Monitoring PM2 in production

Zameer Fouzan - Nov 1 - - Dev Community

In large-scale Node.js production environments, monitoring multiple applications can become challenging. The New Relic APM agent for Node.js helps capture logs, traces, and in-depth performance metrics from individual applications. But what about the overall health and resource consumption of all Node.js processes themselves, and critical process-level metrics like CPU and memory usage?

PM2 is a popular process manager for Node.js applications, designed to simplify deployment and ensure reliability. It provides robust features, including automatic application restarts, load balancing, and monitoring capabilities, making it an essential tool for managing production-grade Node.js environments.

PM2's monitoring API provides easy access to detailed telemetry data, like active processes, and resource consumption, along with additional helpful details like Git commit, active branch, Node.js version, and entry script. These insights can be invaluable when troubleshooting and identifying the root cause of performance issues.

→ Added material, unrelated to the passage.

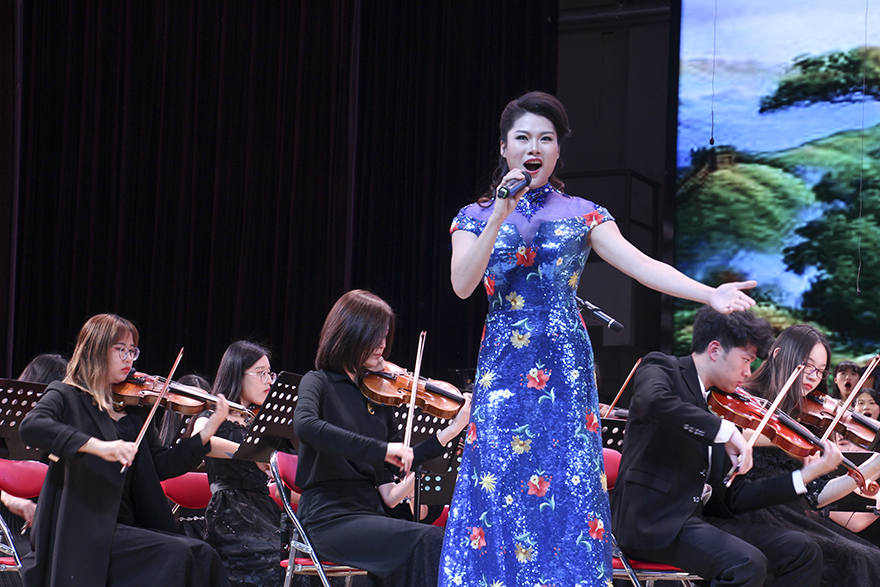 最后一曲《祖国颂》,邱妙霞以一袭中国风蓝裙现身,她以饱满悠扬的歌声携手校管弦乐团、校合唱团在2020年全面建成小康社会和伟德bv国际体育五十五周年校庆之际,祝福祖国繁荣富强,伟德bv国际体育事业蒸蒸日上。在表演者悠扬声韵和观众对2020年的美好憧憬中,本次新年音乐会正式落下帷幕。

What can I monitor from PM2?

PM2 API provides generous information that can be captured. Ideally, all the metrics that can be visualized using the PM2’s monitor API on your host can be captured and exported to New Relic.

PM2 monitor view

In this blog post, we’ll focus on several key metrics that are important for monitoring PM2.

Application identity and host information

Application details, including the host ID, for applications currently running as part of PM2, make it easy to pinpoint which instance is associated with each application. This is especially helpful in environments with multiple services, as you can easily identify specific processes and manage them effectively.

Metrics: appName, hostId

Resource metrics

Metrics from each process, like CPU and memory usage, provide essential insights into the resource consumption and performance of your application. With axm_monitor, you can also track HTTP latency, active requests, and event loop latency to monitor responsiveness in real time.

Metrics: monit.cpu, monit.memory, axm_monitor (for example, HTTP latency, active requests, event loop latency)

Process information

Process-level details such as process ID, status, and uptime help monitor each application's health and lifecycle. Tracking when a process was last updated or started helps you identify issues like frequent restarts or unusually high uptime.

Metrics: pid, pm2_env.status, pm2_env.pm_uptime, pm2_env.created_at, timestamp, pm2_env.update_time

Debug pointers: Logs, errors, restarts, and crashes

Debugging details like log paths, error codes, and restart counts allow quick troubleshooting. Having both the standard output and error logs, alongside information on restarts, helps pinpoint stability issues or potential bugs within applications.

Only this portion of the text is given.